Let’s take the bad news one by one.
Permissions#
If the company can easily enforce least privileges in Microsoft 365, it would be a good idea to grant Copilot only the permissions the user has access to.
Microsoft states in its Copilot data security documentation:
"It's important that you use the permissions models available in Microsoft 365 services, such as SharePoint, to help ensure that the right users or groups have the right access to the right content within your organization."
Source: Data, Privacy, and Security for Microsoft 365 Copilot
However, we know from experience that most organizations fall far short of minimum privileges. Just take a look at some statistics from Microsoft's own Cloud Permissions Risk State Report.
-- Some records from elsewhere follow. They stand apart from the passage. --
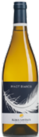
PINOT BIANCO SÜDTIROL / ALTO ADIGE DOC 100% Pinot Blanc
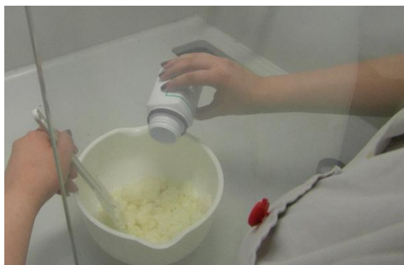
Slika 13.: Postepeno dodavanje NaOH u mljeko
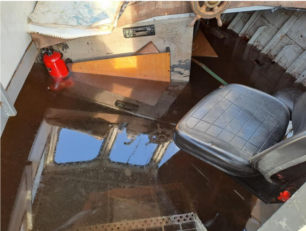
Kuva 8. Hinaajan ohjaushytti
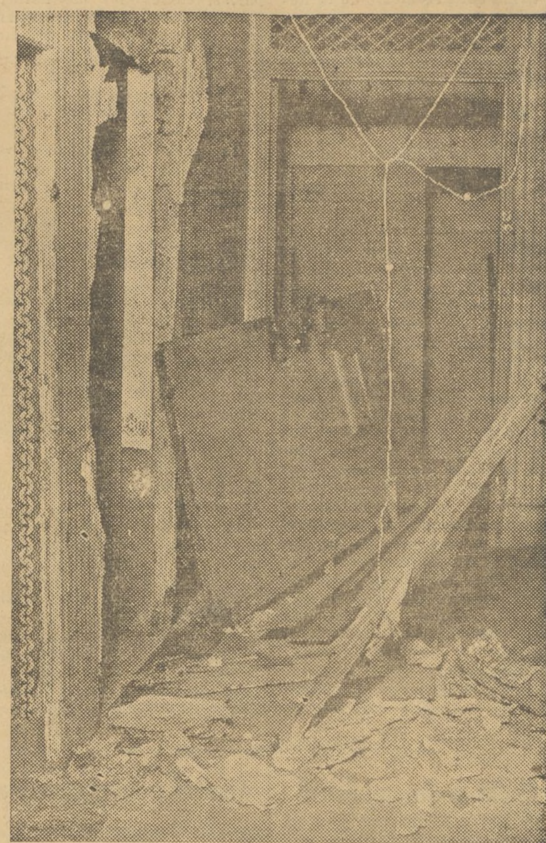
LA POLICIA TUVO QUE DERRUMBAR LA PUERTA DE LA ESCALERA PARA PODER ENTRAR Y HALLAR LAS BOMBAS Y MUNICIONES QUE ESCONDIAN LOS FALANGISTAS
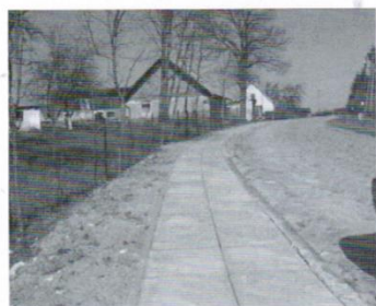
Chodnik Warcz-2,9 tys.zł.
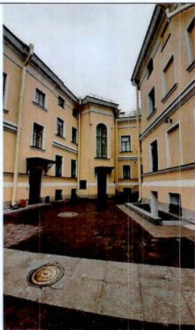
4. Фрагмент дворового фасада
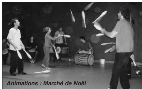
Animations : Marché de Noël

Cet atelier, qui s'inscrit dans le cadre du quarantième anniversaire de la MJC (cofinancé par le Conseil Général, la DDJS et le soutien de l'Union Départementale des MJC), est le point de départ d'un travail autour de la mémoire qui va démarrer dès ce mois-ci.
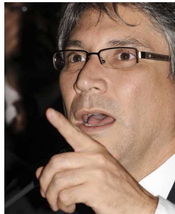
Pastor expuso posición ante el Congreso.

del marxismo mundial. Tiene la pretensión de haber producido un desarrollo teórico que puede servir para las revoluciones futuras”.
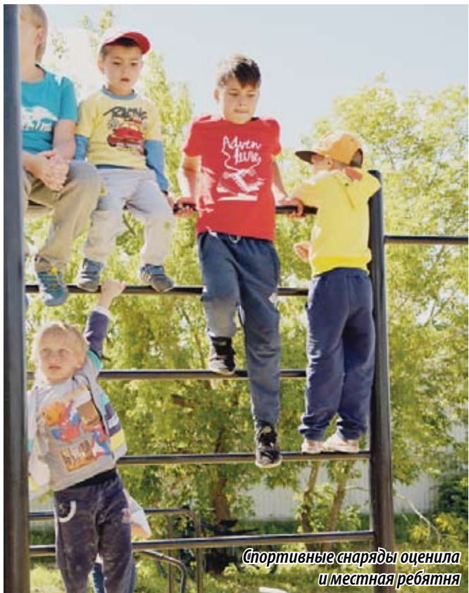
Спортивные снаряды оценила и местная ребятня
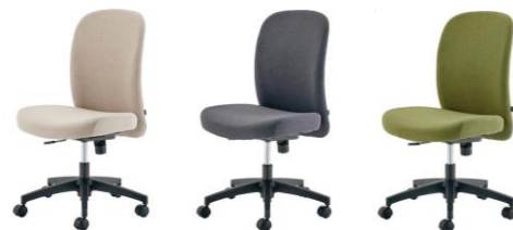
ベージュ グレー グリーン
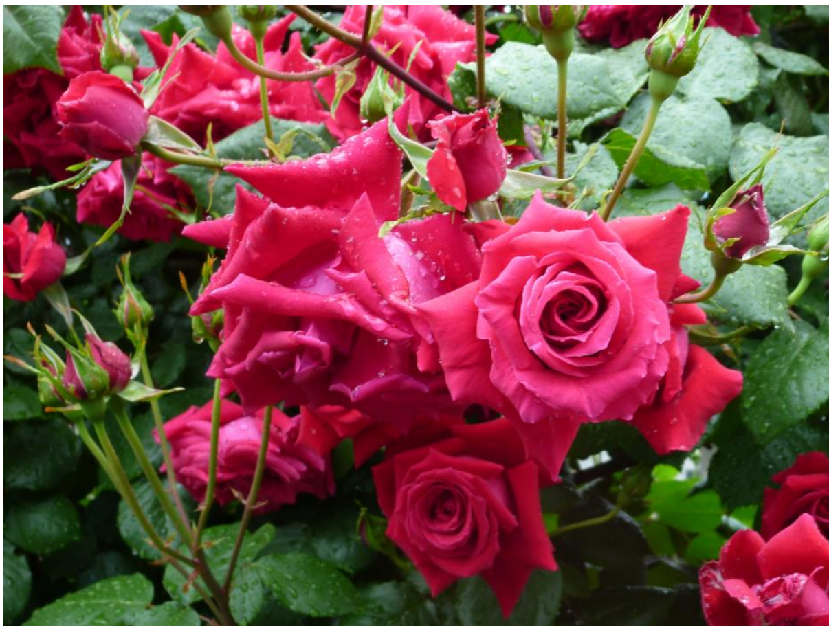
(中之島公園のバラ)
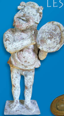
Grèce - Acteur jouant du tympanon
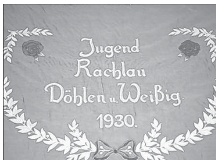
Młodžinska chorhoj z léta 1930 ma na jednym boku němski, na tamnym serbski napis.

Po rozprawje w Tydženskich Nowinach zhotowichu so tajke młodžinske chorhoje přeni raz skladnostnje znowaposwjećena nutřkownje wobnowjeneho Bukečanskeho Božeho domu w léce 1856. Wjele lět so wone wužiwach a so počasu z nowymi narunachu. Tak bu w léce 1930 młodžinska nowa chorhoj za wsy Rachlow, Delany a Wysoku zhotowjena. Došlo wšak tuta swoju službu wukonjeć njemóžeše, dokelž so jeje serbski napis bórže hižo nječerpješe. Hinak hač druge młodžinske chorhoje, kotřež so w Bukečanskej cyrkwi chowachu, skladowaše so Rachlowska chorhoj na łubi
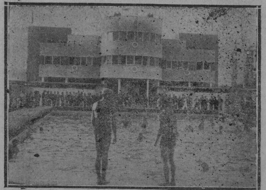
MADRID.—Inauguración de las piscinas de la Isla. Aspecto de una de las piscinas durante las pruebas de los socios del Canal Club
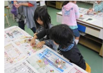
「講座」の一つ、フラワーアレンジメント
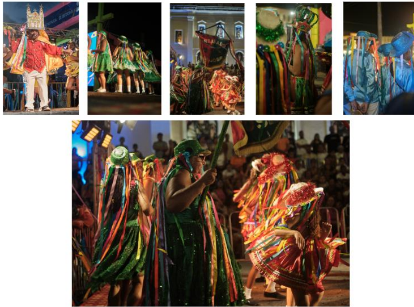
Figura 2 - Festival Arthur Bispo do Rosário. Japaratuba/SE
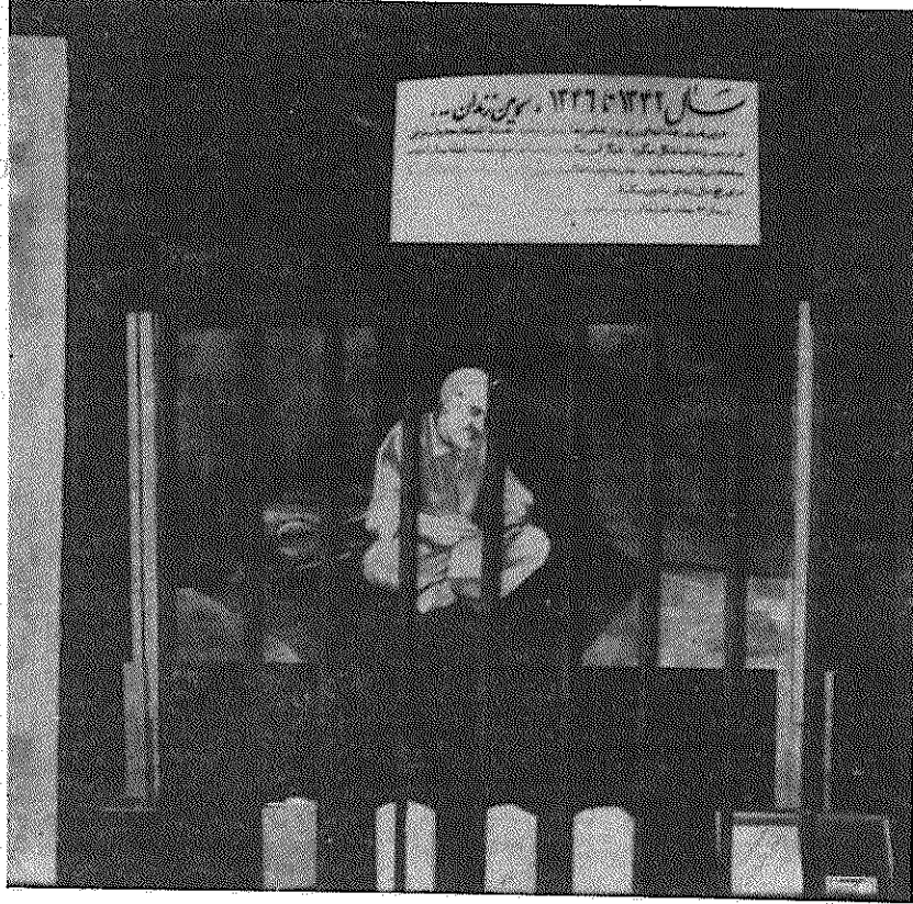
یکی از تصاویر نمایشگاه پدر طالقانی. این تصویر پدر طالقانی را در سومین باری که در سال ۱۳۴۶ بدست دژخیمان شاه دستگیر و به زندان انداخته شد، نشان می دهد.

عشق به طالقانی، عشق براه مردیست که تمامی زندگانی خود را برای پاره کردن زنجیر بردگان عصر ما ایثار نمود. همانظوری که کارمندان اداره متوفیات بدرستی در شناسنامه اوبجای مهر باطل شد طالقانی را در دست داشتند. برای عاشقان راه حقیقت، او همیشه زنده است. نمایشگاه انجمن دانشجویان مسلمان نیاز درونی هر ایرانی

This picture matches what Varonis sees when he performs thousands of data risk assessments each year for companies using Microsoft 365. In our report, The Big SaaS Data Exposure, we found that the average M365 tenant has:
- 40+ million unique permissions
- Publicly shared 113K+ sensitive records
- 27K+ shared links
Why does this happen? Microsoft 365 permissions are extremely complex. Just think about all the ways users access data:
- Direct user rights
- Microsoft 365 group permissions
- SharePoint local permissions (with custom levels)
- guest access
- external access
- public access
- Link access (anyone, organization-wide, direct, guest)
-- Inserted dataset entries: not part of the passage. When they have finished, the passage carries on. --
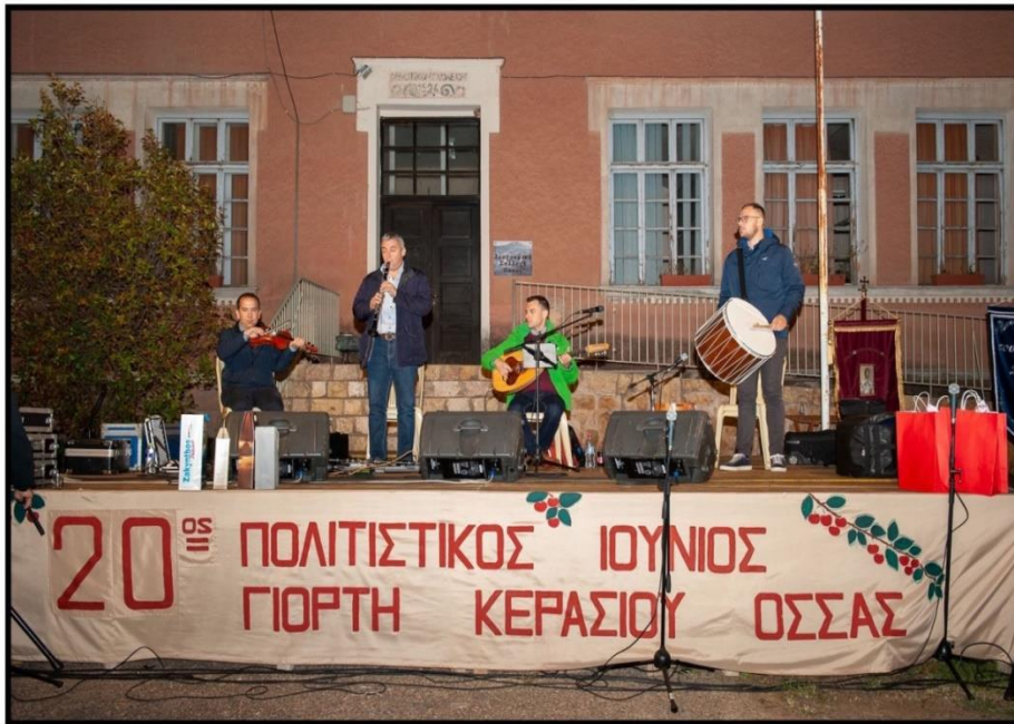
Εικόνα 2.6: Γιορτή Κερασιού στην Όσσα 14

τα τελευταία 22 χρόνια.( εικόνα 2.6). Γνωστό είναι το κτήμα Μπαμπατζιμόπουλου, στις πλαγιές του όρους Βερτίσκου, έκτασης 500 στρεμμάτων, το οποίο διαθέτει σύγχρονο οινοποιείο, κάβα παλαίωσης, αίθουσες γευσιγνωσίας, καφέ και εστιατόριο και οι χώροι δασικής αναψυχής Άη Γιώργης και Κιόσκι. Περιβαλλοντικό ενδιαφέρον παρουσιάζει και η τεχνητή λίμνη Τσισμούρκα. 13
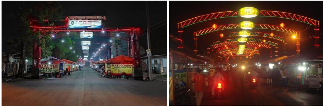
Gambar 7. Suasana pencahayaan malam di koridor Kya-Kya Mayong

bagaimana bentuk fisik dan kehidupan manusia saling mengisi, menciptakan pengalaman ruang yang kaya dan bermakna.
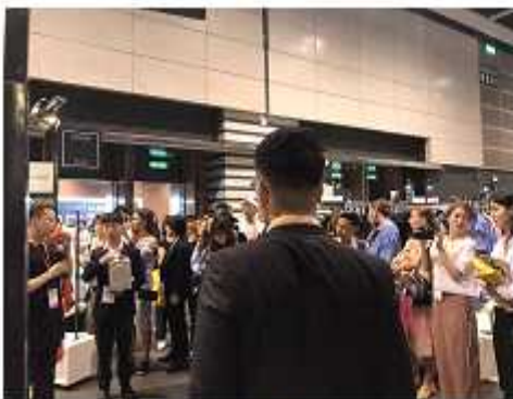
<프레스 대상 프레젠테이션 진행>

To make matters worse, permissions are primarily in the hands of the end user, not the IT or security team.
Label#
Microsoft relies heavily on sensitivity labels to enforce DLP policies, apply encryption, and broadly prevent data breaches. However, in practice, let the labelPlay a roleIt's difficult, especially if you rely on humans to apply sensitivity labels.
Microsoft paints a rosy picture of labeling and blocking as the ultimate safety net for data. Reality revealed a bleaker scenario. When humans create data, labels often lag or become outdated.
Blocking or encrypting data can add friction to workflows, and labeling technology is limited to specific file types. The more labels an organization has, the more likely it is that users will become confused. This is especially true for large organizations.
The efficacy of tag-based data protection will certainly decrease as we allow AI to generate orders of magnitude more data that require accurate and automatically updated tags.
Is my label okay?#
Varonis can verify and improve your organization's Microsoft sensitivity labels through scanning, discovery, and remediation:
- Sensitive documents without tags
- Sensitive files with incorrect labels
- Non-sensitive files with sensitive labels
Humanity#
Artificial intelligence will make humans lazy. The content generated by LLMs like GPT4 is not just good, it's awesome. In many cases, speed and mass far exceed human capabilities. As a result, people began to blindly trust AI to respond safely and accurately.
We have seen real-life scenarios where Copilot drafted proposals for clients and contained sensitive data belonging to completely different clients. The user clicks "send" after a quick browse (or no browse), and now you're faced with a privacy or data breach.
Prepare your tenants for Copilot security#
At the launch of CopilotBeforeUnderstanding your data security posture is critical. Now that Copilot is generally available, now is a good time to implement security controls.
Varonis protects thousands of Microsoft 365 customers with our data security platform, which provides a real-time view of risk and the ability to automatically enforce least privilege.
We can help you solve your biggest security risks with Copilot, with virtually no manual effort. With Varonis for Microsoft 365 you can:
- Automatically discover and classify all sensitive AI-generated content.
- Automatically ensures correct application of MPIP labels.
- Automatically enforce least privileges.
- Continuously monitor sensitive data in M365 and alert and respond to abnormal behavior.